JUNCKER, L’INDECENTE ARROGANZA DEL POLITICO A VITA

di MATTEO CORSINI

Se i cosiddetti populisti godono di un ormai significativo consenso elettorale è anche perché ci sono politici mantenuti dai pagatori di tasse da decenni come il presidente uscente della Commissione europea, Jean-Claude Juncker.

Il quale, rispondendo a una domanda su cosa farà quando sarà scaduto il suo mandato il prossimo anno, ha risposto:

  • Sono diventato ministro a 27 anni. Da allora ho sempre ricoperto un incarico politico, sempre a scapito della mia vita privata. Ho intenzione di dedicarvi più tempo”.

Juncker avrà 65 anni quando lascerà libera la poltrona di presidente della Commissione europea. Sarà stato a carico dei pagatori di tasse per 38 anni e continuerà a esserlo anche da (eventuale) pensionato fino alla fine dei suoi giorni.
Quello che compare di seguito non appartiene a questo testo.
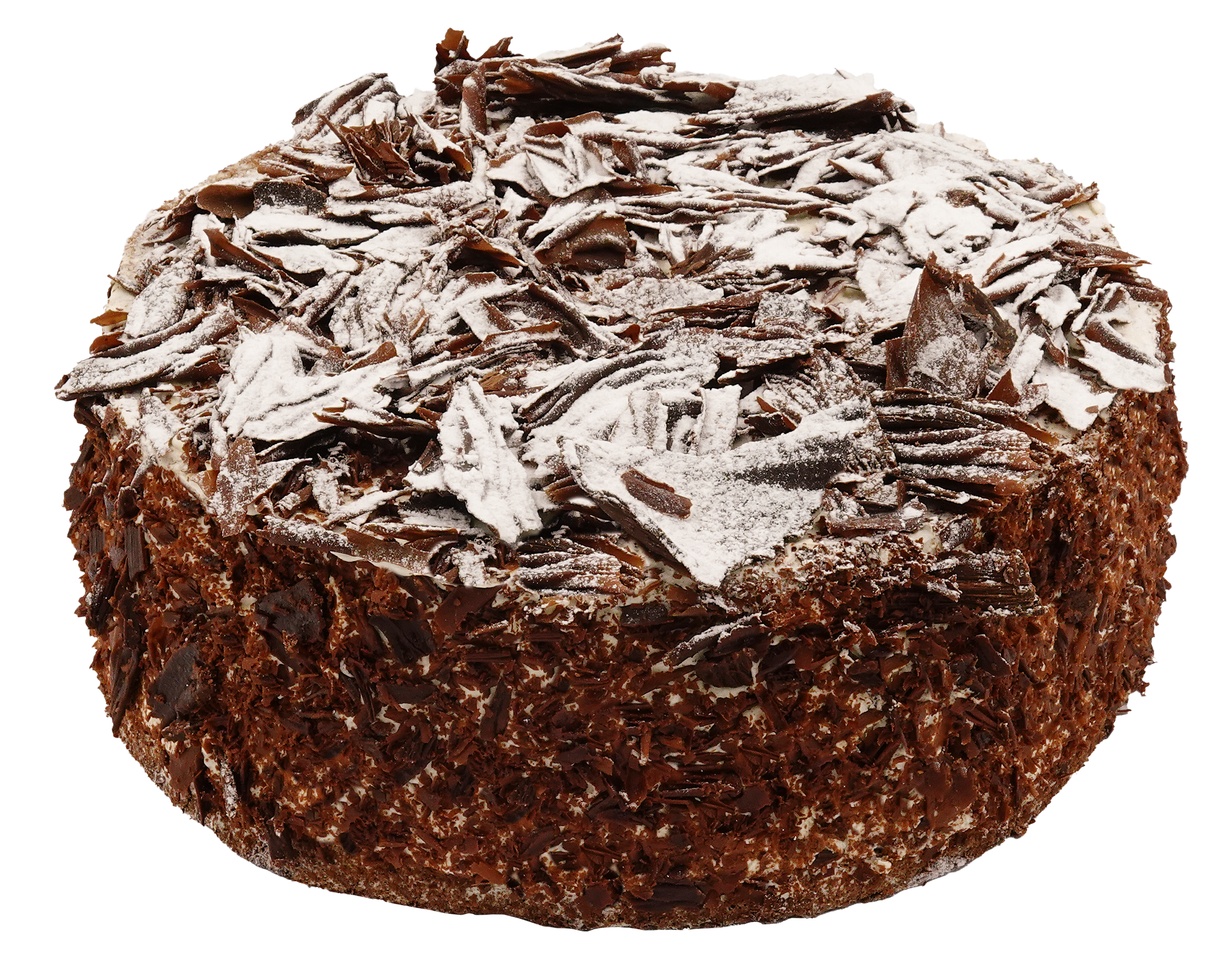 Für 2 bis 4 Personen. Dunkles Schokoladenbisquit, leichter Rahm, umhüllt mit Couverturespäne. Ohne Kirsch (Alkohol) und Kirschen (Frucht).

Suppongo che non sarebbero stati pochi i concittadini europei che si sarebbero fatti una ragione se Juncker avesse preferito dedicare più tempo alla vita privata, magari smettendo di gravare sulle tasche altrui.

Ognuno è ovviamente libero di affermare quello che vuole, ma nessun medico ha ordinato a Juncker di restare (avidamente) attaccato a poltrone politiche per tutta la sua vita da adulto.

Evitare di fare anche affermazioni sul (presunto) sacrificio in termini di vita privata sarebbe segno di decenza. Che evidentemente manca.